1. 7.2 Plasma Membrane 7.4 Cellular Transport
QUESTIONS OF THE DAY!
What biological macromolecule makes up the plasma membrane?
What is the term associated with the movement of water? What is the term associated with the movement of particles?
Water can easily pass into and out of a cell. How do you think large molecules like proteins and sugars enter into and out of a cell?

2. 7.2 Plasma Membrane Function of the Plasma Membrane
Makes a barrier between internal and external environment
Controls what enters and leaves the cell. (Selective permeability)
Allows certain materials in and keeps others out.
Small uncharged particles pass through the membrane.
Large particles do not easily pass through the membrane.

3. 7.2 Plasma Membrane Structure of the PM Phospholipid bilayer
2 layers of phospholipids arranged tail to tail. Polar heads face towards outside and inside of cell.
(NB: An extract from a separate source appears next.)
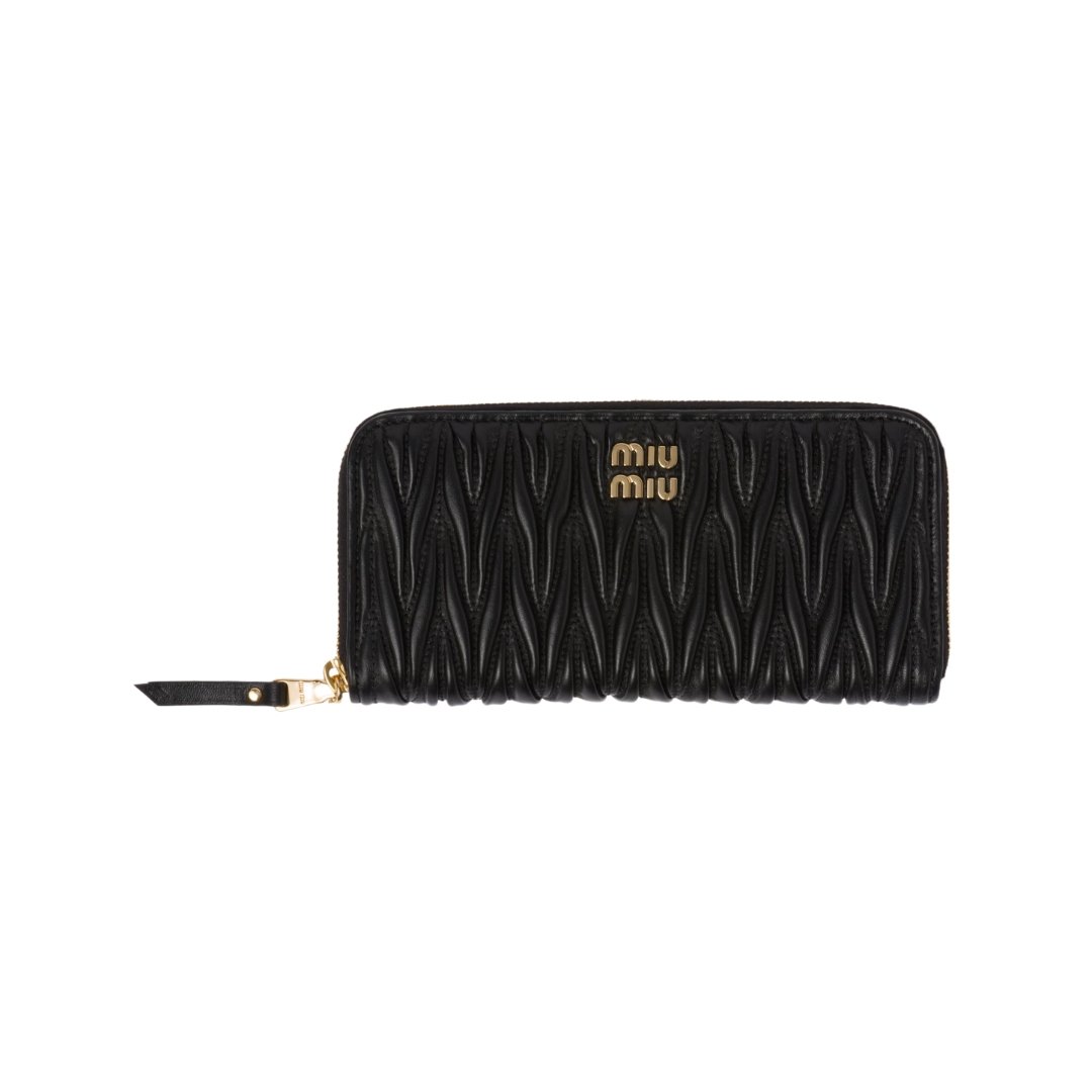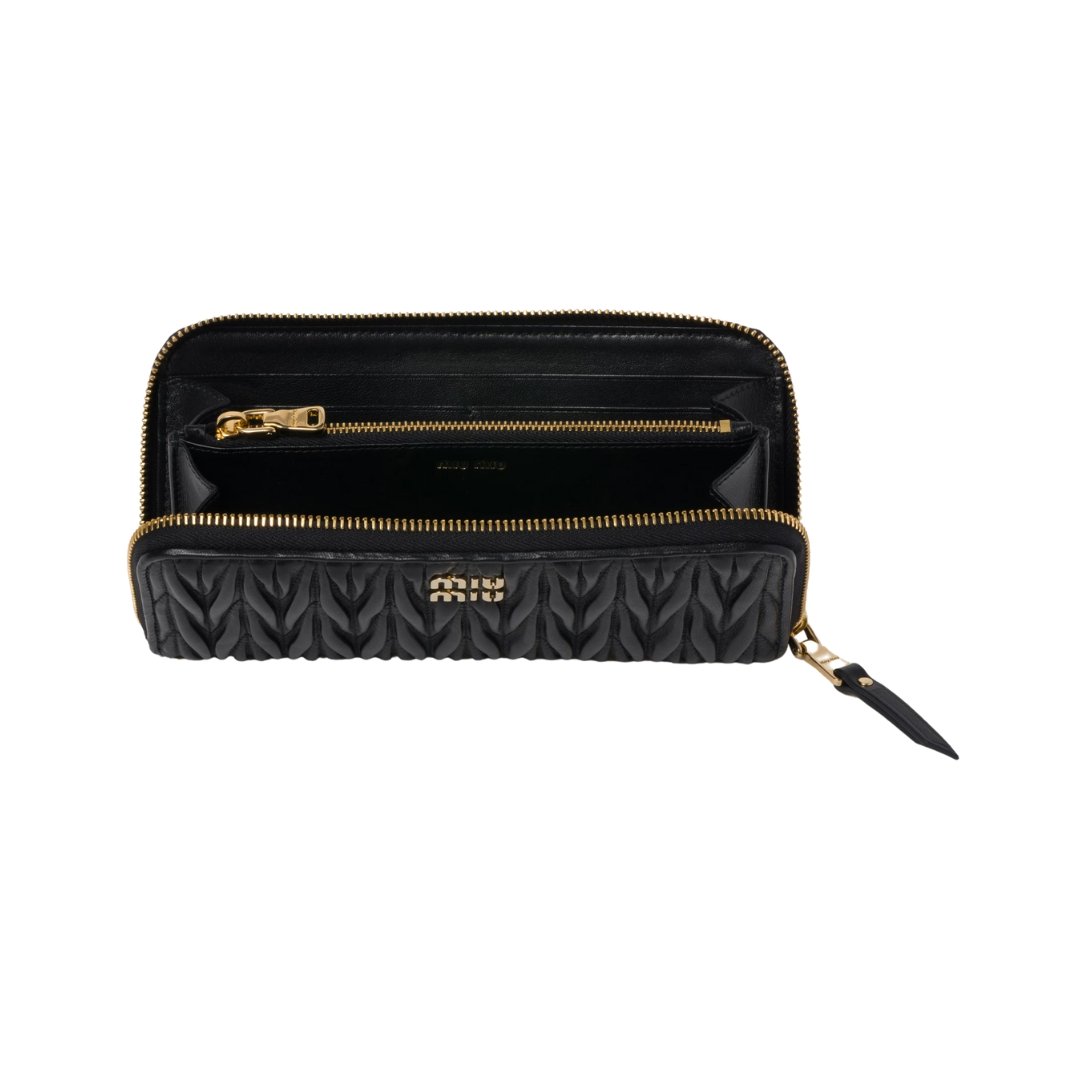 Portafoglio Miu Miu in pelle matelassรฉ nera 7,8 cm

4. 7.2 Plasma Membrane Other Membrane Components
Proteins and carbohydrates outside the membrane signal other cells (Peripheral)
Inner proteins are anchor points for cell components. (Peripheral)
Integral proteins create transport channels.
Cholesterol is within the lipid areas and adds fluidity

5. 7.2 Plasma Membrane
Fluid Mosaic Model – the plasma membrane moves like water and is made of many parts.

6. 7.4 Cellular Transport QUESTION!
A plasma membrane is like a fence around a community. Small animals may easily go into and out of the fence. However, large trucks with deliveries may not get through. How would these large delivery trucks get into the cell (community)?

7. 7.4 Cellular Transport
Passive Transport - High to low concentration (no energy)
Facilitated Diffusion (helping) - Movement from high to low concentration. Proteins will aid particles in crossing the membrane.
Osmosis (Water)
Water moves from high to low concentration to reach equilibrium and does not use ATP (energy) to do it.
Diffusion - Movement of particles (not water) from High concentration to low concentration to reach equilibrium (equal on both sides)
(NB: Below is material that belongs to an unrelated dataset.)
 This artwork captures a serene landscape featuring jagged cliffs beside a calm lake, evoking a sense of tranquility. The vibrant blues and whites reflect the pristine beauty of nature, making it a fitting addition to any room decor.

8. 7.4 Cellular Transport QUESTION!
If 100 students were crammed into this classroom, would it take energy for me to pull more students from the hallway and push them into the classroom?

9. 7.4 Cellular Transport

10. 7.4 Cellular Transport
Active Transport - Low to high concentration (Requires Energy ATP) ***ONLY ONE THAT NEEDS ENERGY***
Particles move against the concentration gradient.
Concentration: # of particles in a given space.
Gradient: Difference of concentration across a membrane.

11. 7.4 Cellular Transport
3 Types of environments where a cell exists.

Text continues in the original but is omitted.